I am getting a "Memory Error" on Python when trying to sort a Pandas dataframe and then save it on disk. 尝试对Pandas数据框进行排序,然后将其保存在磁盘上时,在Python上出现“内存错误”。

df = pd.read_hdf('big_df_file.h5')
df.sort_values(by='opt',inplace=True,kind='quicksort')
df.to_hdf('sorted.h5')

My computer has 16 Gbs of RAM and the data file is 8 Gb. 我的计算机有16 Gb的RAM,数据文件是8 Gb。 Shouldn't I be able to do this without getting a "Memory Error" ? 我是否应该能够在没有出现“内存错误”的情况下执行此操作?

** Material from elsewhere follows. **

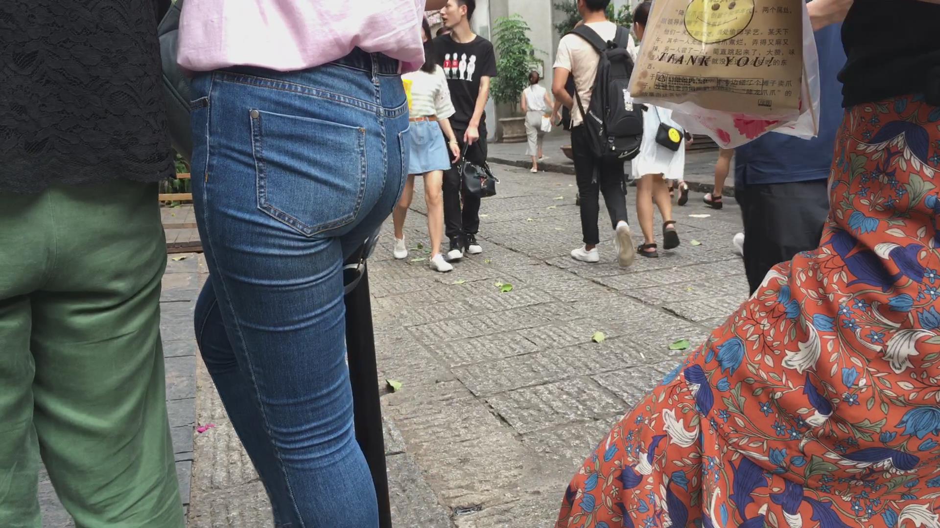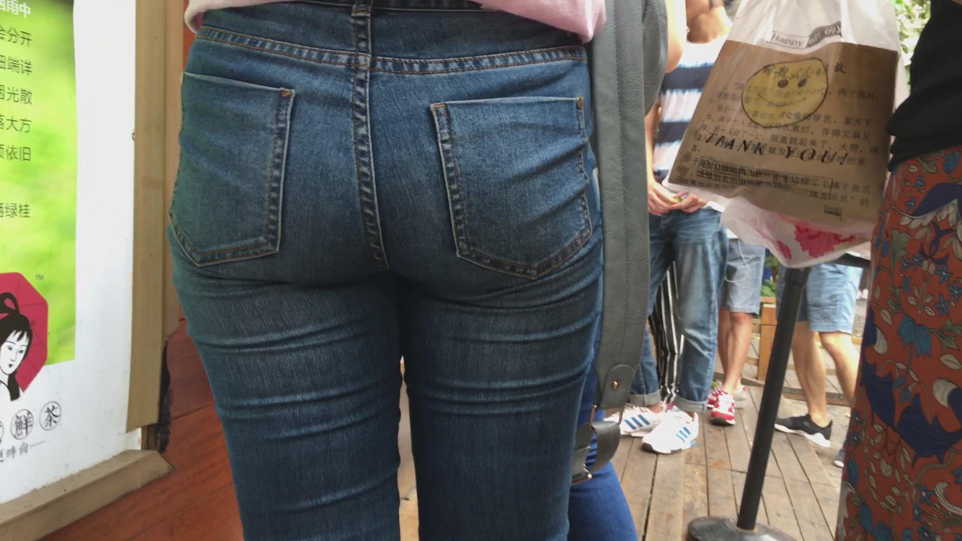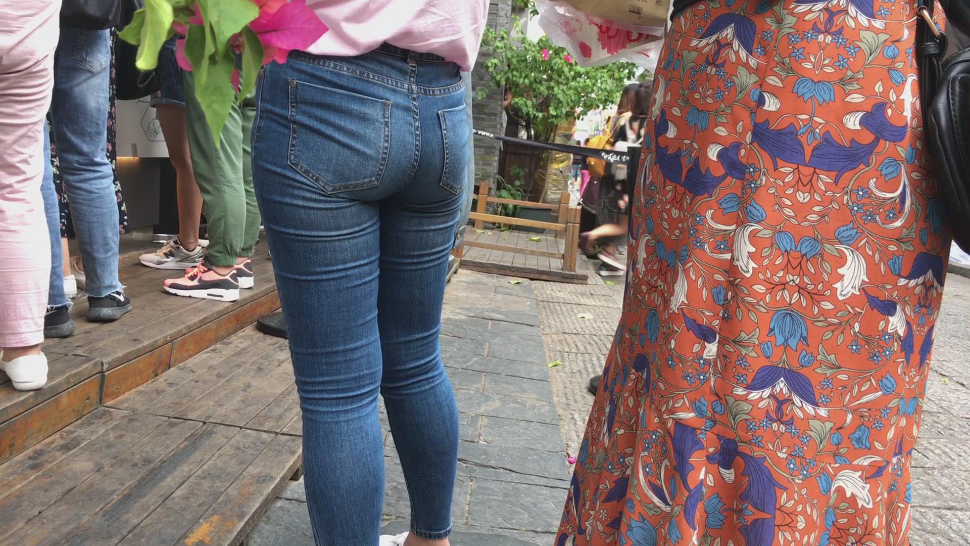 街拍紧致肉臀蓝色牛仔裤美女 编号5370

PS I am using quicksort because it's the sorting algorithm that allocates less memory. PS我正在使用quicksort,因为它是分配较少内存的排序算法。

Versions:
python: 2.7.11.final.0
python-bits: 64
OS: Windows
OS-release: 10
machine: AMD64
processor: Intel64 Family 6 Model 94 Stepping 3, GenuineIntel
byteorder: little
LC_ALL: None
LANG: en_GB

pandas: 0.17.1

We need more information, at what stage does the MemoryError invoked? 我们需要更多信息,在哪个阶段调用MemoryError? What type of data is loaded? 加载什么类型的数据? how much of it is really necessary to perform the sort? 真正需要进行多少排序?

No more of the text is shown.